DATA BELOW:
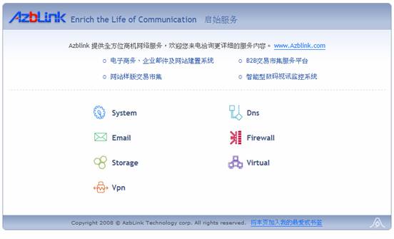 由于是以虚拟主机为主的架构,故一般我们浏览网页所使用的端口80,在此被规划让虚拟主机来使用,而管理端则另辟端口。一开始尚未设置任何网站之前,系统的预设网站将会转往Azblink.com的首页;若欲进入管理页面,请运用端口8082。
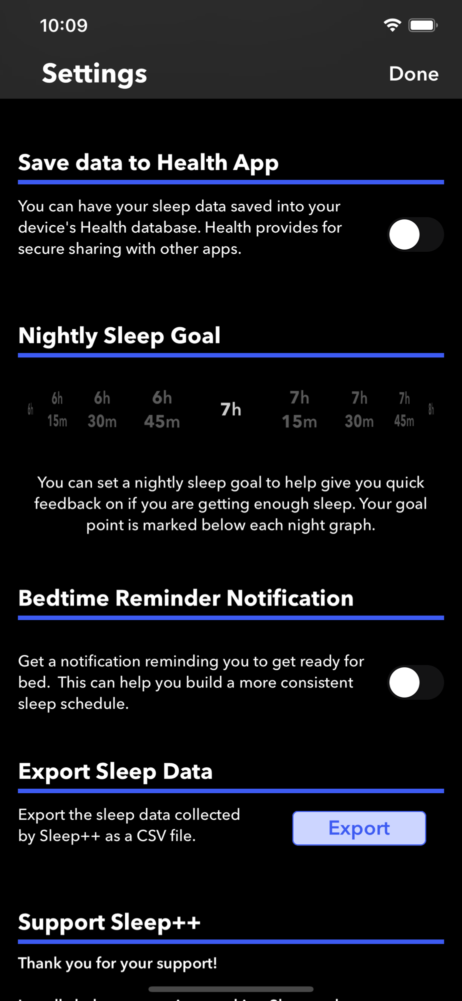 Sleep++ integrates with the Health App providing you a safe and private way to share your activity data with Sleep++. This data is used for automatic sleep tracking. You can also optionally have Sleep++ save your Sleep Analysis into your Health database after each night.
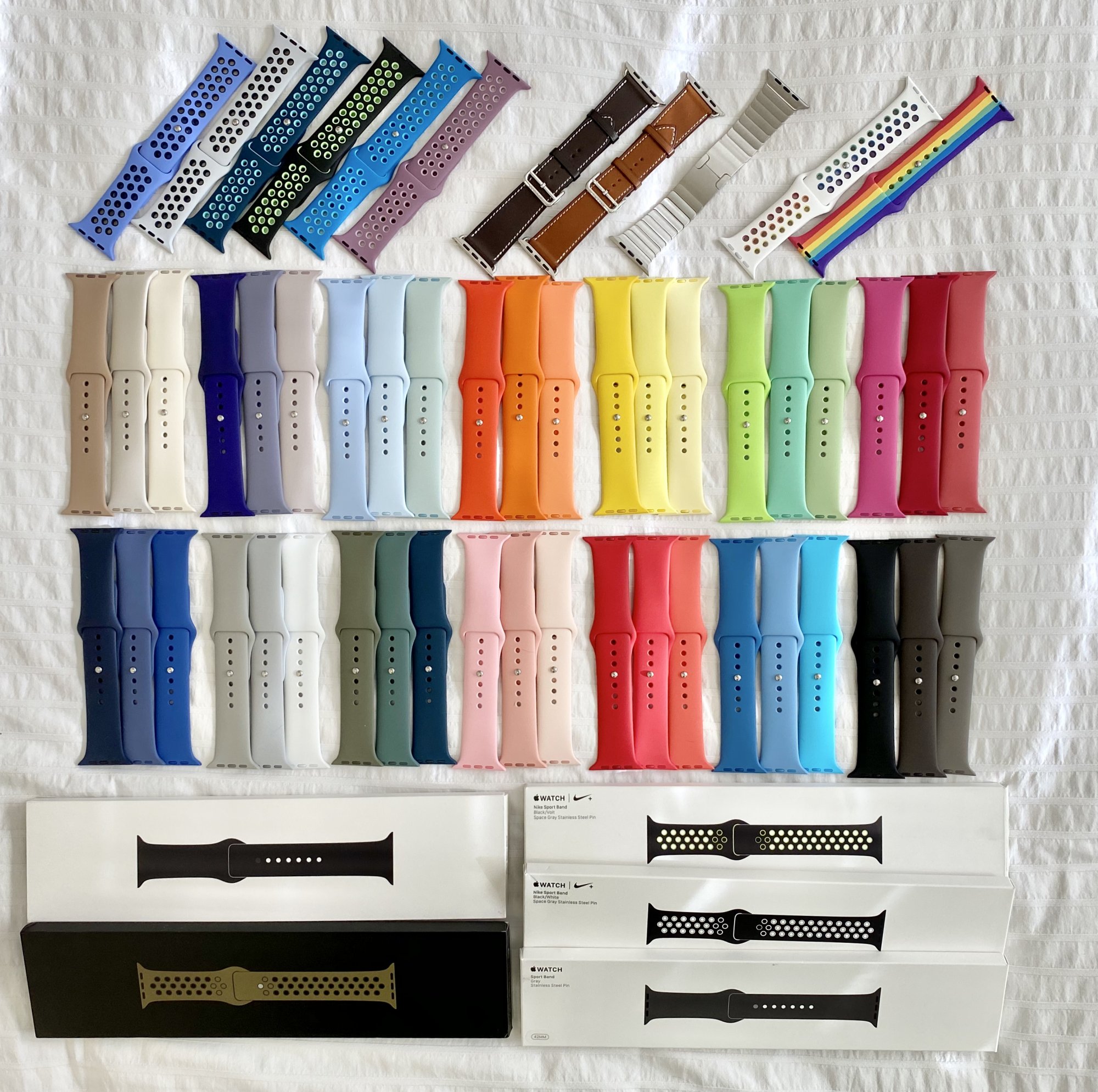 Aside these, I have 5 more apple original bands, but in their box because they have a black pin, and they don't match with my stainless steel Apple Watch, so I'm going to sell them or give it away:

TO DO: Find the line with "Sleep++ integrates with" in the listing and extract it and all lines after it through the end, exactly, without the pictures.

ANSWER TO THIS TASK:
 Sleep++ integrates with the Health App providing you a safe and private way to share your activity data with Sleep++. This data is used for automatic sleep tracking. You can also optionally have Sleep++ save your Sleep Analysis into your Health database after each night.
 Aside these, I have 5 more apple original bands, but in their box because they have a black pin, and they don't match with my stainless steel Apple Watch, so I'm going to sell them or give it away:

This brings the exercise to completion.